In moreover, it was believed I might be "an active face perceiver", meaning I pay a considerable notice to faces. Others may have more mistaken recognition moments, thinking they identify someone they don't know. But because I tend to look closely at faces, I am disposed to notice the stranger who looks like my grandmother. Indeed, one acquaintance who said she doesn't make person recognition mistakes acknowledged she doesn't really look at the people around her.
Examining Over-familiarity for Faces
These evaluations helped me understand where I positioned on the continuum. But I wanted to understand more about what is happening in the brain when we "recognize" unknown people. Researching further, I read about a condition called hyperfamiliarity for faces (HFF), in which unknown faces appear familiar. Initially, this sounded like it could pertain to me. But the small number of recorded occurrences all occurred after a medical episode such as a epileptic episode or cerebral accident, unlike the idiosyncrasy that I've been observing my whole mature years.

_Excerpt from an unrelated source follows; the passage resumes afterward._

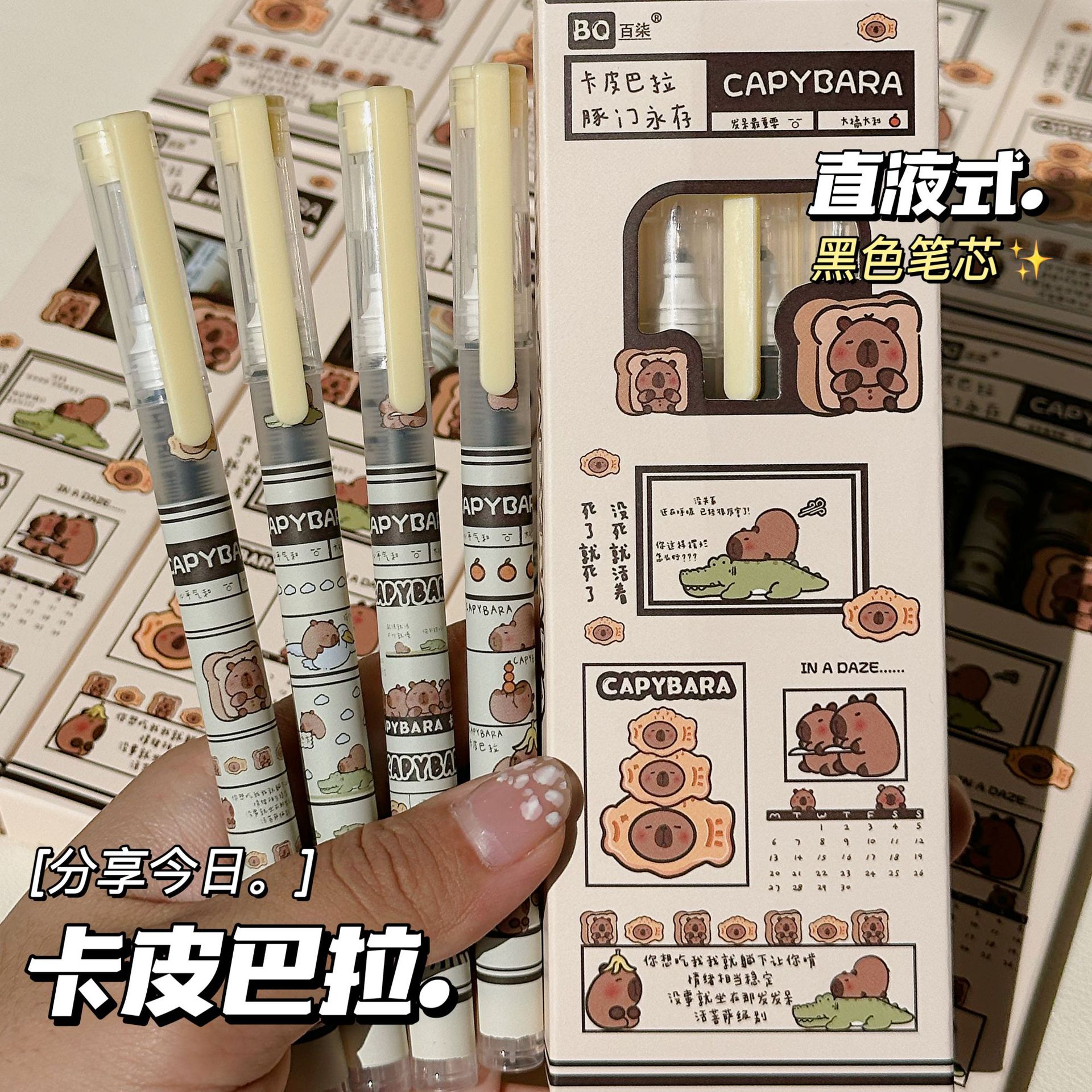 고급스러운 외모와 쓰기 쉬운 0.5 심플하고 부드러운 젤펜을 갖춘 학생 시험용 스트레이트 리퀴드 카피바라 만화 롤러 볼펜스토어 가기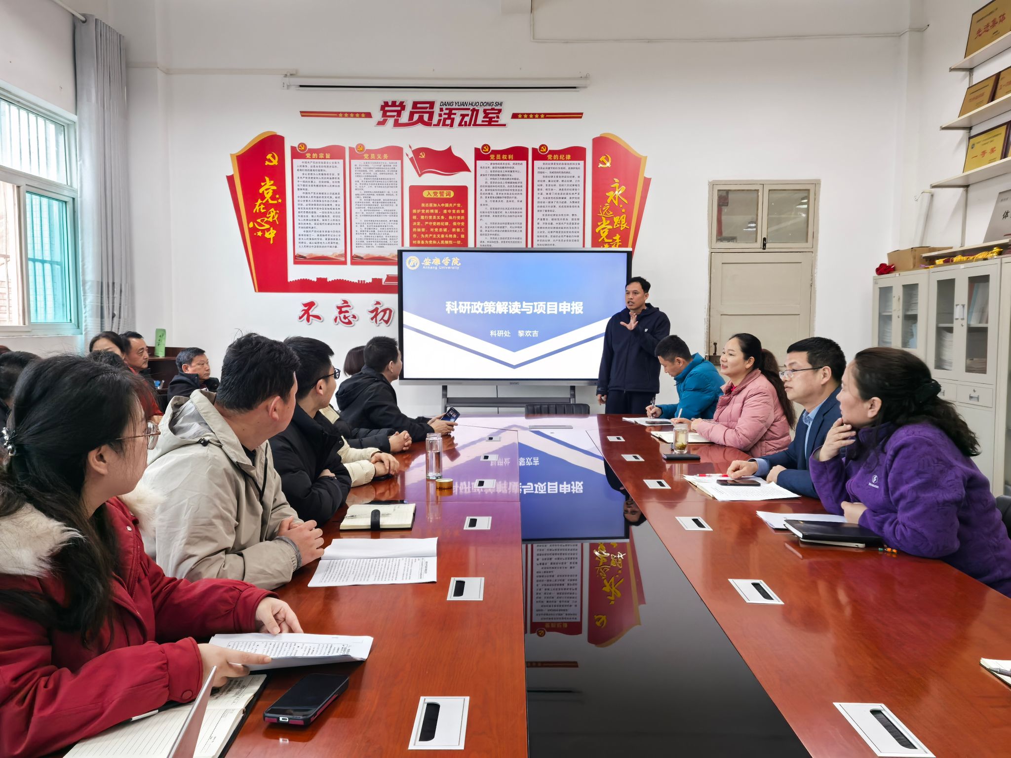 为提升公司科研水平,助力教师科研项目申报工作,3月12日,太阳成集团tyc234cc特邀科研处副处长黎欢吉老师莅临指导,成功举办科研政策解析及项目申报培训活动,太阳成集团tyc234cc全体教师参加了此次培训。此次培训旨在通过科研管理部门的权威解读,为教师提供精准的政策指引和申报策略,助力公司科研工作高质量发展。

Through scientific platforms, experts have heard from about 24,000 prosopagnosics, as well as people with all kinds of face identification difficulties, including sight abnormalities, like when faces appear to be dissolving. Researchers study many of these people, using tools like the known/unknown countenances task and the facial recall assessment.
Experts have heard from only a few of people with potential HFF in many years of investigation.
"The prevalence is quite low," one expert said of HFF. However, they hypothesized that there may be a continuum, with some people who think all visages is familiar, and others, like me, who only experience it a few times a month.